No obstante, la presidenta de México, Claudia Sheinbaum, declaró que no tenía “ninguna información” sobre el uso de drones en la frontera y anunció que se investigará el motivo del cierre del espacio aéreo en El Paso.
La falta de información inmediata desde el lado mexicano añade un elemento de incertidumbre al caso, mientras autoridades de ambos países revisan los detalles del operativo.
El uso de drones por el narcotráfico: una amenaza en expansión
El empleo de drones por parte de organizaciones criminales no es nuevo, pero su presencia en espacio aéreo estadounidense representa un escalamiento significativo. Analistas señalan que estos dispositivos permiten operaciones de bajo costo, difícil detección y alto impacto estratégico.
En años recientes, se han documentado intentos de cruce de drogas mediante drones en distintos puntos de la frontera. Sin embargo, la neutralización directa por parte del Pentágono eleva el nivel del conflicto a un plano más delicado.
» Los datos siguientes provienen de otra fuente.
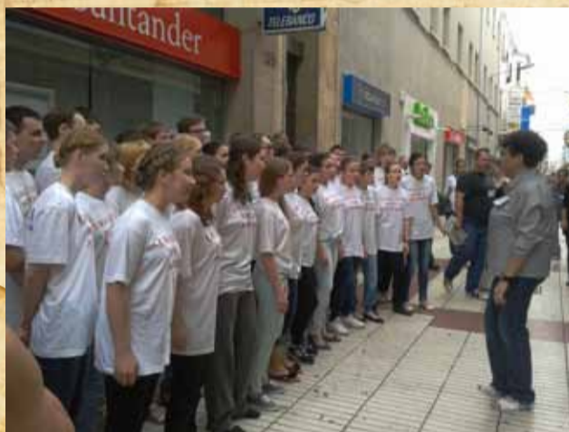
На улице Калеллы с просветительской миссией

Довольные, в отличном настроении, мы начали шествие в компании других русских хоров из Москвы, Санкт-Петербурга, Нижнего Новгорода, Красноярска,
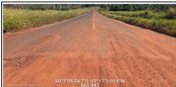
Foto 13 MS-447
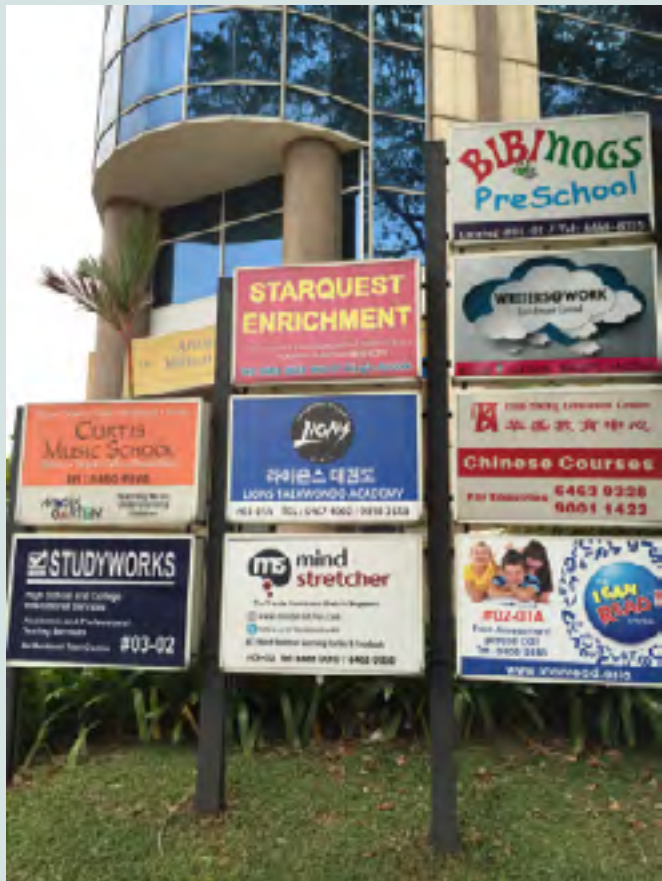
समकालीन सिंगापुर में "संवर्धन" और "ट्यूशन" केन्द्र आज आम रूप से दिखाई देते हैं; यूवेन तियो द्वारा फोटो।

यूवेन तियो, नानयांग प्रौद्योगिकी विश्वविद्यालय, सिंगापुर
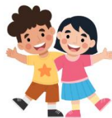
SE ALEGRA COM A VERDADE
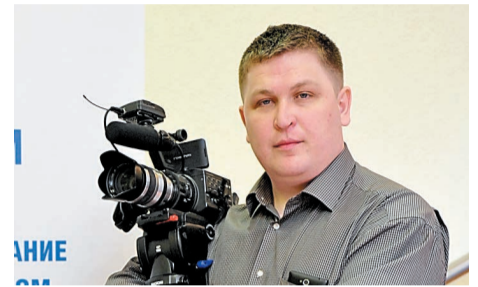
Режиссером видеопроекта «Письма на фронт» стал Сергей Чугунов

Видеоролик Пресс-центра «Письма на фронт», посвященный 75-летию Победы в Великой Отечественной войне, в 2020 году занял третье место в IV Всероссийском конкурсе СМИ, пресслужб компаний ТЭК и региональных администраций «МедиаТЭК-2020».
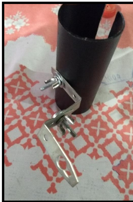
Figura 14 – Parafuse a segunda mão francesa

Junte com a outra mão francesa conforme é mostrada na imagem a seguir:
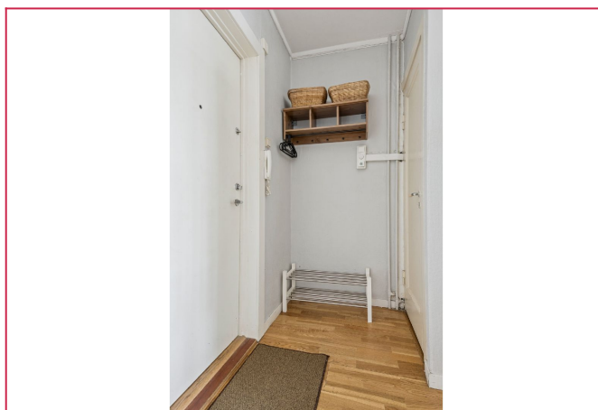
Entré med garderobeplass.
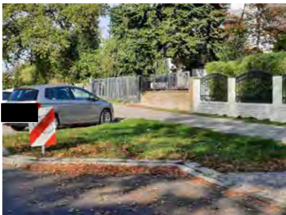
25 vor Böttcherkamp 76
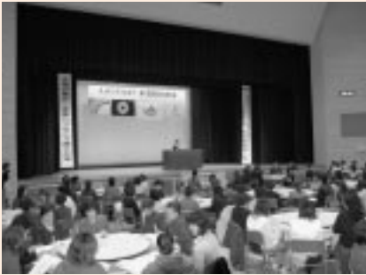
約200名の女性団体会員らが参加
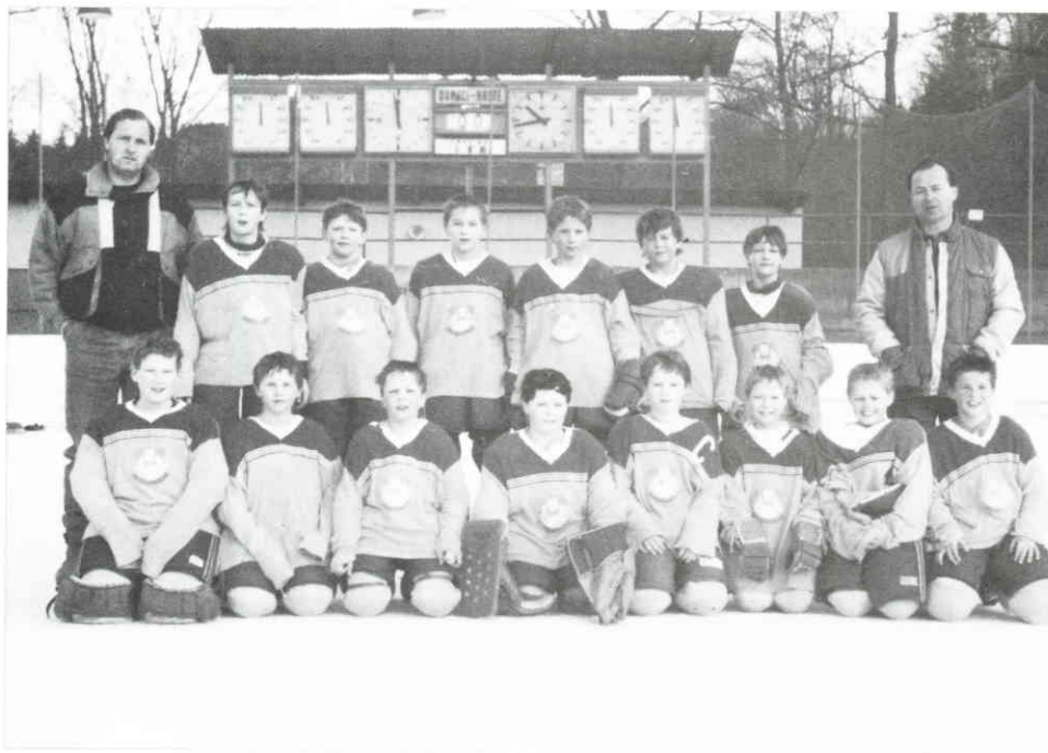
Družstvo mladších žáků z let 1989/90

La prioridad para Washington fue garantizar la seguridad del tráfico comercial y evitar riesgos para vuelos civiles. La rápida reapertura del aeropuerto sugiere que la amenaza fue contenida con eficacia.
¿Escalada o advertencia?
El incidente podría interpretarse como una advertencia clara: el espacio aéreo estadounidense es una línea roja. La neutralización inmediata envía un mensaje tanto a los cárteles como a la opinión pública sobre la disposición del gobierno de actuar con rapidez.
Al mismo tiempo, el episodio subraya la complejidad de la relación bilateral en materia de seguridad. Mientras continúan las extradiciones y decomisos, la presión política y mediática aumenta cada vez que ocurre un evento de alto perfil en la frontera.
Por ahora, las operaciones aéreas en El Paso han regresado a la normalidad. Pero el debate sobre el uso de drones por el narcotráfico y la posible respuesta militar de Estados Unidos apenas comienza.